Malacology, (Note: From the French malacologie, contraction of malacozoologie; from the Neo-Latin Malacozoa, 'zoological group including soft-bodied animals'; from Ancient Greek μαλακός 'soft' and ζῷον 'animal'.) from Ancient Greek μαλακός (malakós), meaning "soft", and λόγος (lógos), meaning "study", is the branch of invertebrate zoology that deals with the study of the Mollusca (molluscs or mollusks), the second-largest phylum of animals in terms of described species after the arthropods. Mollusks include snails and slugs, clams, and cephalopods, along with numerous other kinds, many of which have shells.

Fields within malacological research include studies of mollusk taxonomy, ecology and evolution. Several subdivisions of malacology exist, including conchology, devoted to the study of mollusk shells, limacology, the study of gastropods, and teuthology, the study of cephalopods such as octopus, squid, and cuttlefish.

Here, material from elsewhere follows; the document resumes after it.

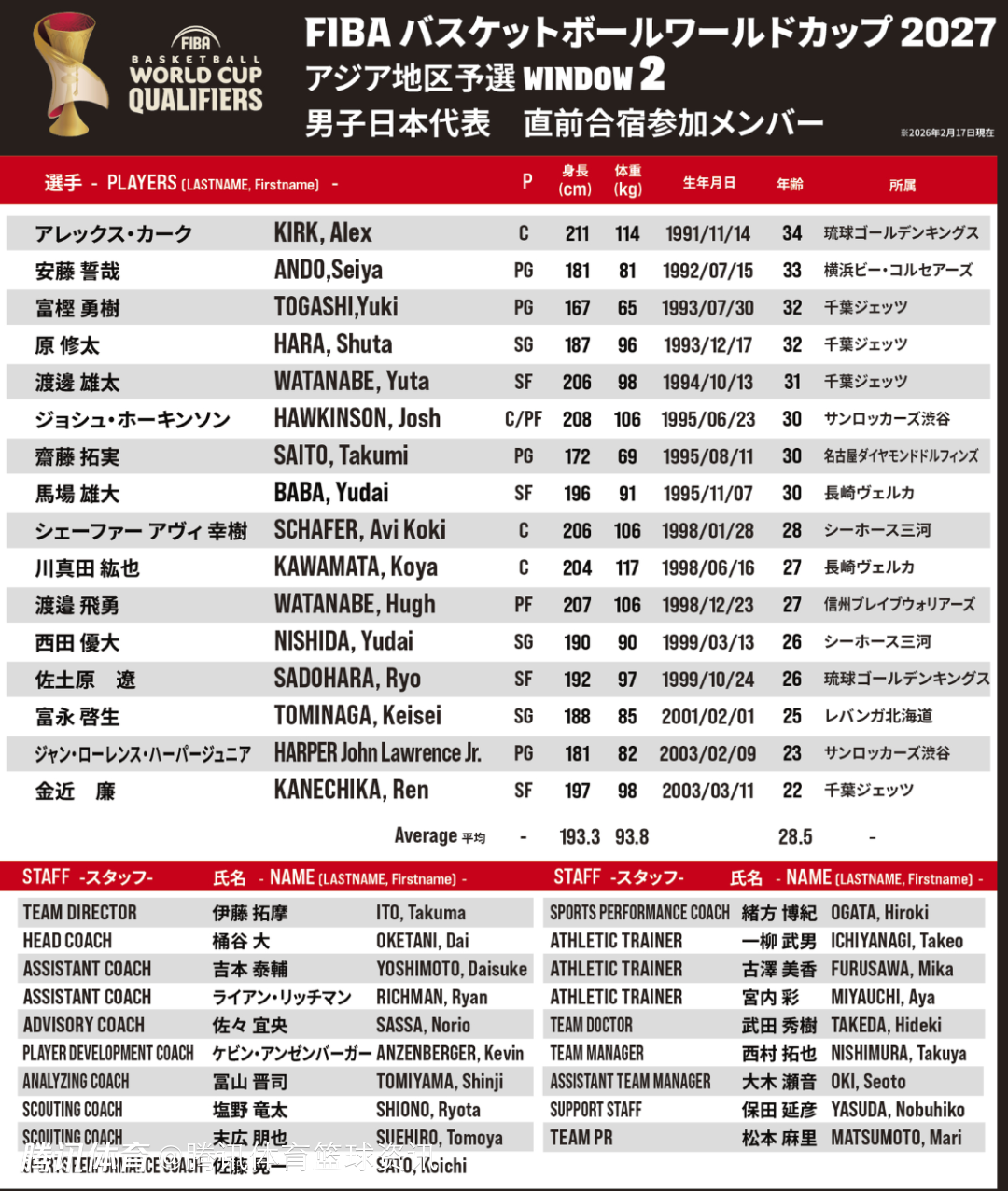 日本男篮此前的集训名单球员包括渡边雄太、富坚勇树、马场雄大、富永启生、归化内线霍金森、柯克等人。

Applied malacology studies medical, veterinary, and agricultural applications, for example the study of mollusks as vectors of schistosomiasis and other diseases.

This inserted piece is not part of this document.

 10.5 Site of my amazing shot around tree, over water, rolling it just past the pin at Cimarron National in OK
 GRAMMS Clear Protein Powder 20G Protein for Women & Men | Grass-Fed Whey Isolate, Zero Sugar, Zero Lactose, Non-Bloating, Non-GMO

Zoological methods are used in malacological research. Malacological field methods and laboratory methods (such as collecting, documenting and archiving, and molecular techniques) were summarized by Sturm et al. (2006).

== History ==
The study of mollusks long predates the modern field of malacology. Aristotle included what we now call mollusks in his Historia animalium as two separate groups: testaceans (Ostracoderma) and mollusks (Malakia). In 1758, Linnaeus included modern mollusks in the class Vermes, under the orders Intestina, Mollusca, and Testacea. At this time, taxonomy was largely based on shells, as examining internal anatomy was thought to be too challenging due to lack of specimens.

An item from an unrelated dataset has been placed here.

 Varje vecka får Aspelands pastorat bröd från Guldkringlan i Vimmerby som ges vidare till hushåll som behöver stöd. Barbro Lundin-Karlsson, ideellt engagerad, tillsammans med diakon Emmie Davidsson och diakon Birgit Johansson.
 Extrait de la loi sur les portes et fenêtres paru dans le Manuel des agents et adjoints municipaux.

In 1795, French naturalist Georges Cuvier described a combined taxon of both shelled and non-shelled mollusks as a distinct group based on internal characteristics of "oviparous reproduction, white blood, existence of heart, blood vessels and gills, liver" and external characteristics of "mantle and tentacles." However, he retained conchological methods for separating genera.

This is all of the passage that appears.